As we find our own understanding of God radically changed through Christ, and our own relationship with God to be ever evolving as we continue on our path of becoming children of God and seeking to bring the abundance of God's kingdom to the world around us, perhaps it is fitting that the challenges that keep us mindful of the path and faith of others keep us also mindful of God's grace working through others in ways that demonstrate to us that we are still Children.

Just as we never outgrow the fundamental lessons we learned from our parents, but continue to learn and grow throughout our lives, so too we can never exhaust the awesome abundance of God's ever-changing and ever deepening presence in our own lives and world.

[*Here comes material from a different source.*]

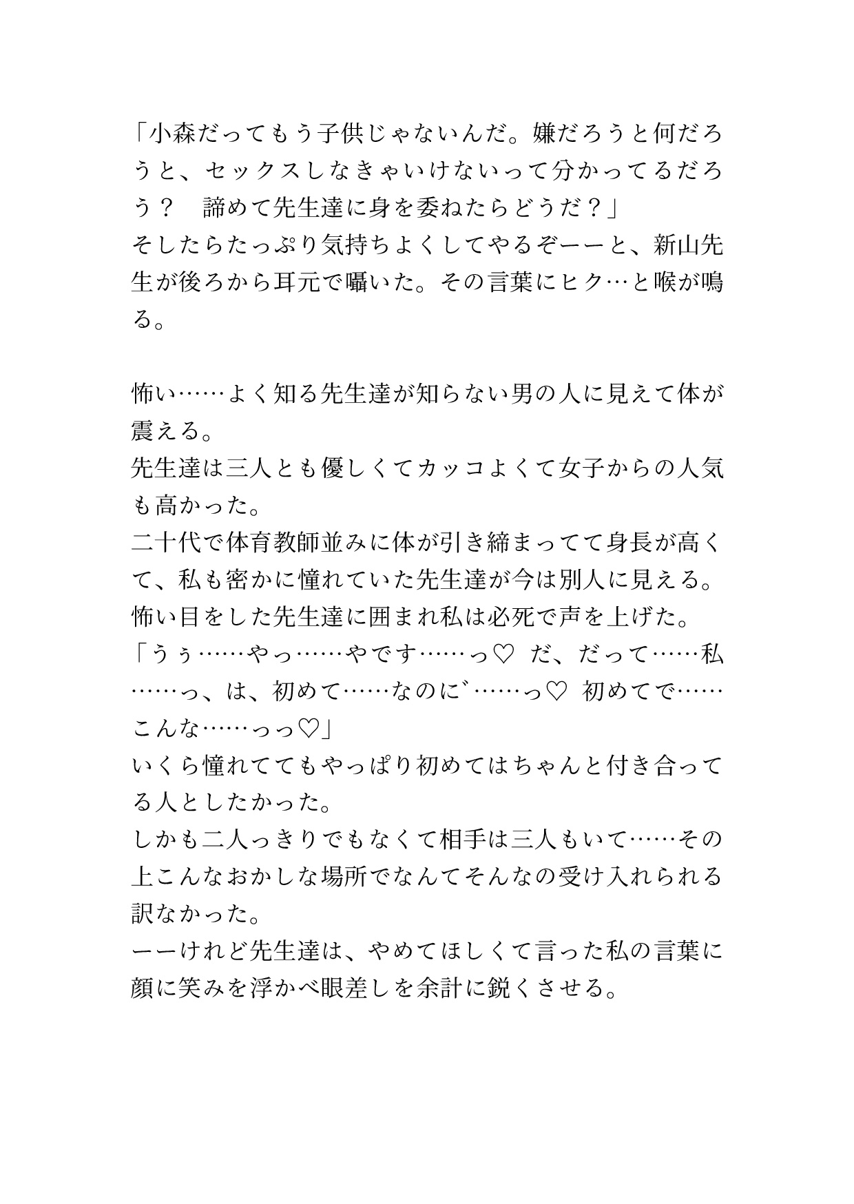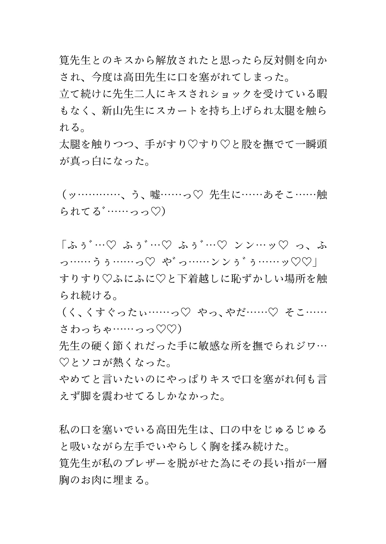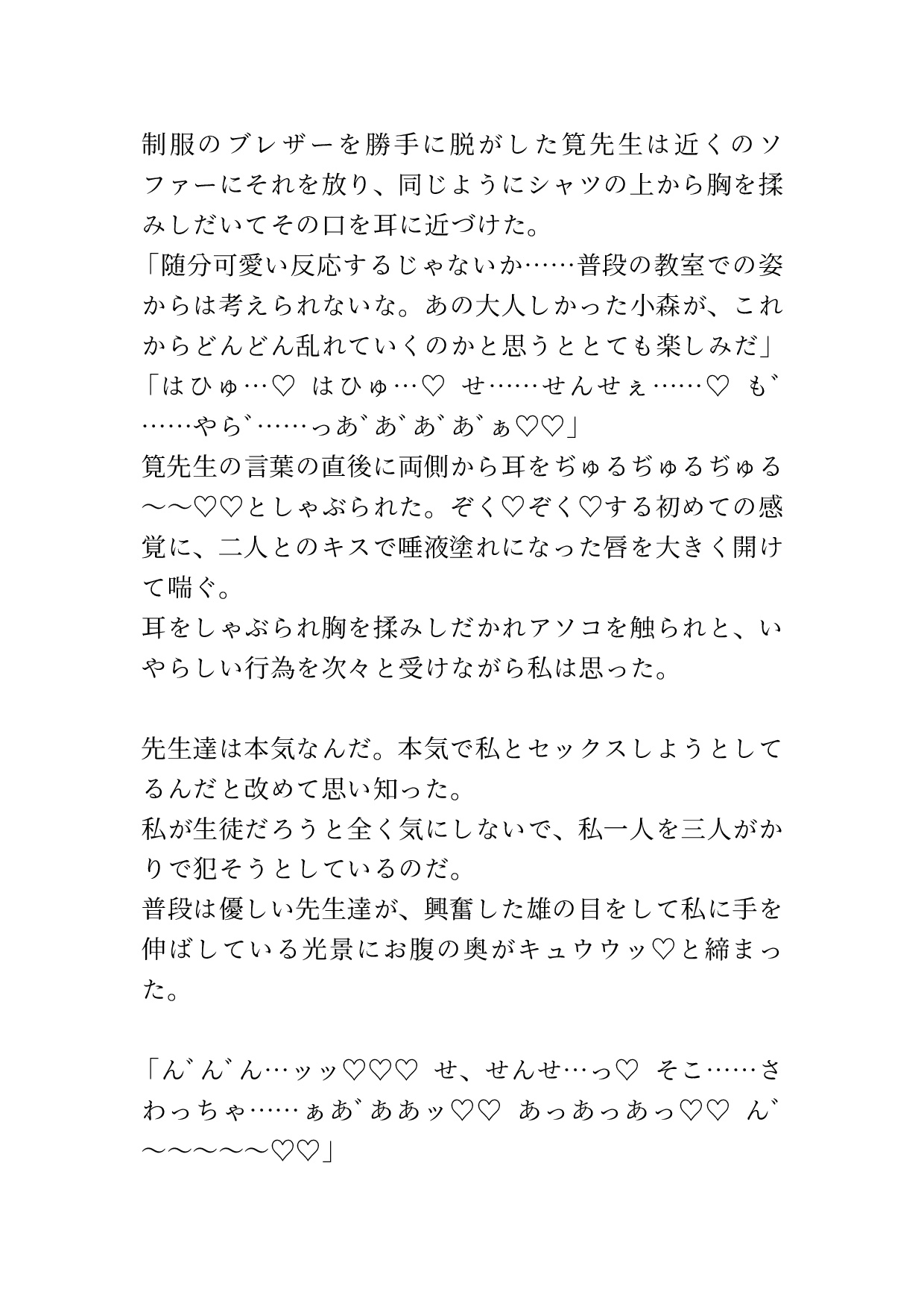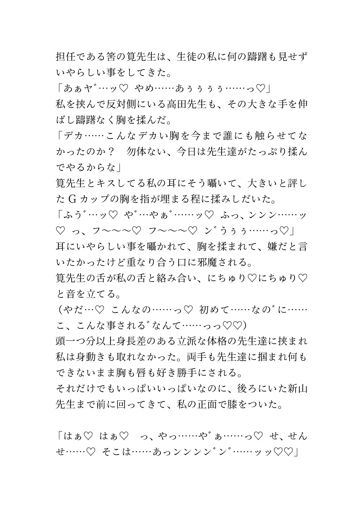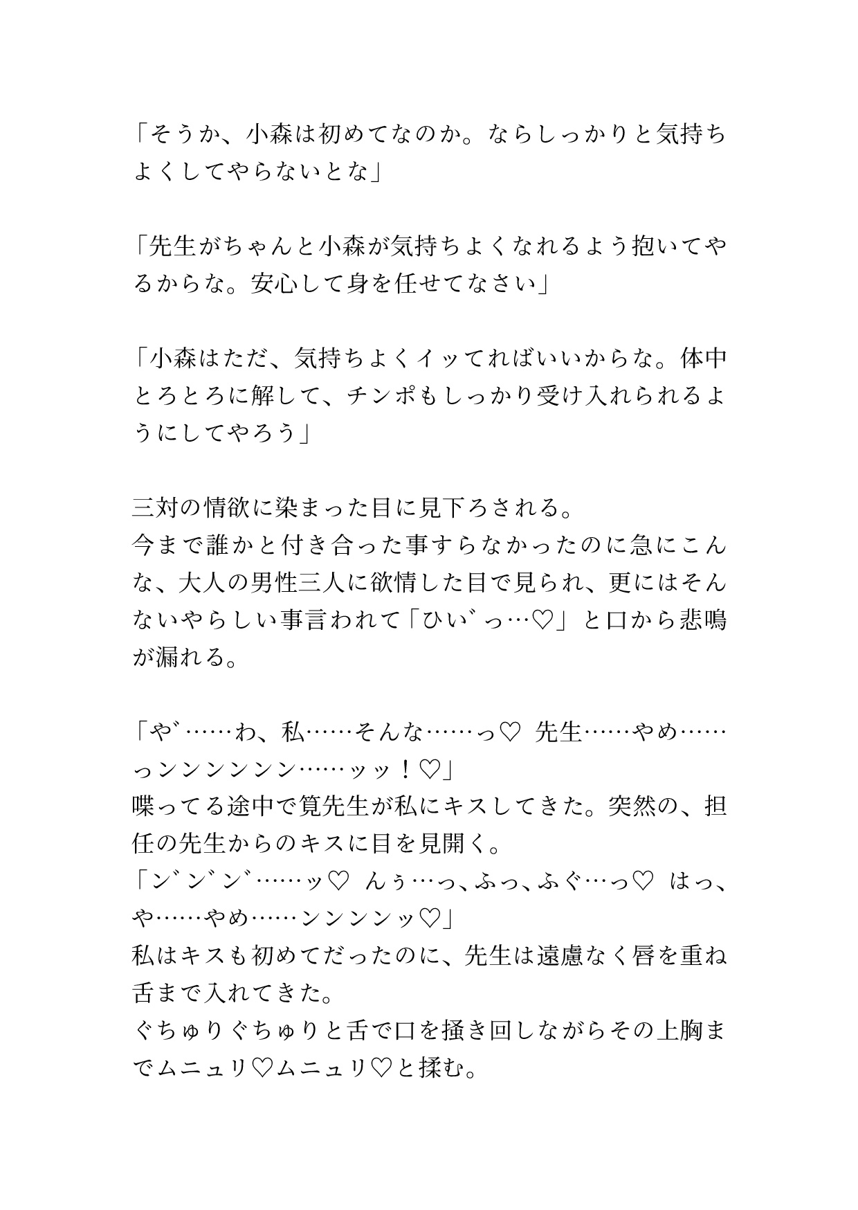 先生3人とセックスしないと出られない部屋に閉じ込められた女子生徒の話です。処女なのに先生達に責められて立ったままイかされて、その後はベッドの上でまた3人がかりで責められます。キスされ乳首を吸われクリをしゃぶられ指を入れられ、たっぷりとイかされてから3人それぞれに中出しされます。

This week, as we continue our celebration of Christ's coming into the world, we are reminded in our readings not only of God's perpetual creative act of becoming in Christ, but of God's ceaseless action in the world to bring us into relationship with God and each other. As Children of God, as heirs with Christ of God's kingdom, we are reminded yet again that it is a kingdom of becoming. Just as Christ was and is heir of a kingdom that is perpetually becoming, so too are we heirs of this same kingdom - one that only becomes through our cooperative action in bringing it to the world around us.

This new year, let us join with all of God's children around the world to breath new life into Christ's ministry of love and abundance, so that, as Isaiah said, we might become to all those around us crowns of beauty in the hand of the Lord.

Amen.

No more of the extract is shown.